Training begins with basic manners and socialization of the hound. It is important that the bloodhound get along with other dogs easily. Search dogs are often transported together to their field locations and it is imperative that they can travel with
other dogs and handlers. Schoolyards, malls, parking lots and workouts are the best places to socialize your dog.
Puppy training begins as soon as you get the dog. Lead, collar and harness training start from day one. Get the puppy or dog accustomed to the feel of the lead and collar and then put on the harness. Confidence and patience are the keys to successful training. Basic puppy trails start out as a hide and seek game.

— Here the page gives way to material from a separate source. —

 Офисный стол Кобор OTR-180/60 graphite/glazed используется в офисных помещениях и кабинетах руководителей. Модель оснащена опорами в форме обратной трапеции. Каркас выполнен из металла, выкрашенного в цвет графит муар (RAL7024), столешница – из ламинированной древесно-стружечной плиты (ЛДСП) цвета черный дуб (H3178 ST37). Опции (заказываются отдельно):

Make the training fun for both you and the puppy so you both look forward to it. Keep the training sessions short and gradually extend them. Remember, the training is not just for the dog.
Handler training is just as important. Trailing is instinctive to the hound and needs only to be encouraged properly. Handler training includes learning to read the body language of the dog and understanding what it means. Specific hints and guidelines are available from the more experienced handlers.

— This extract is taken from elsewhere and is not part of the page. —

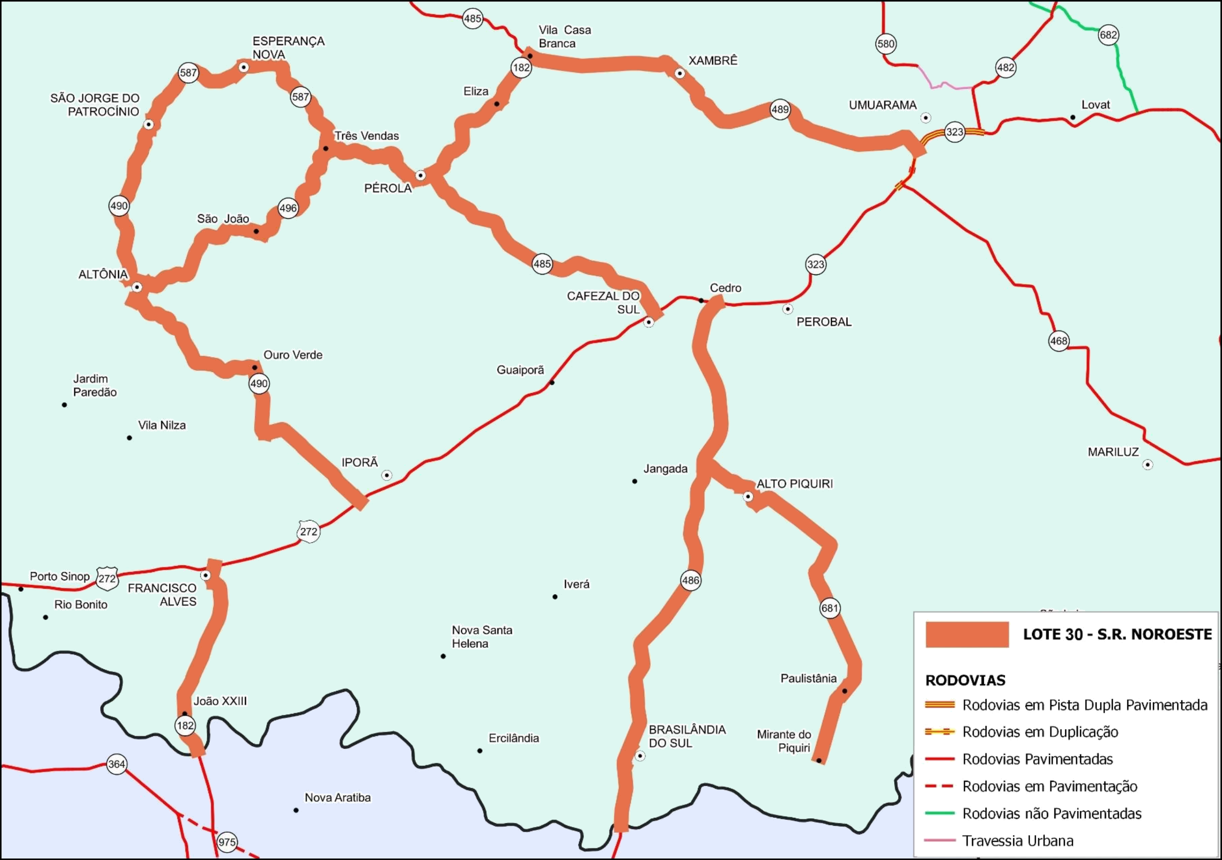 Estão contempladas as rodovias PR-182, PR-485, PR-486, PR-489, PR-490, PR-496, PR-587 e PR-681, cruzando os municípios de Alto Piquiri, Altônia, Brasilândia do Sul, Cafezal do Sul, Esperança Nova, Francisco Alves, Iporã, Perobal, Pérola, São Jorge do Patrocínio, Umuarama e Xambrê.

The biggest mistake new handlers make is to start out too fast. Make sure the dog is ready to move on before you change the length, age, or type of trail. Change only one thing at a time. This means that you change the length of the trail or the age of the trail or the difficulty, one at a time. Changing too many things at once will confuse and frustrate the dog and may lead to failure.
Always end the training session on a positive note. (Find something that he does well and praise him a lot.)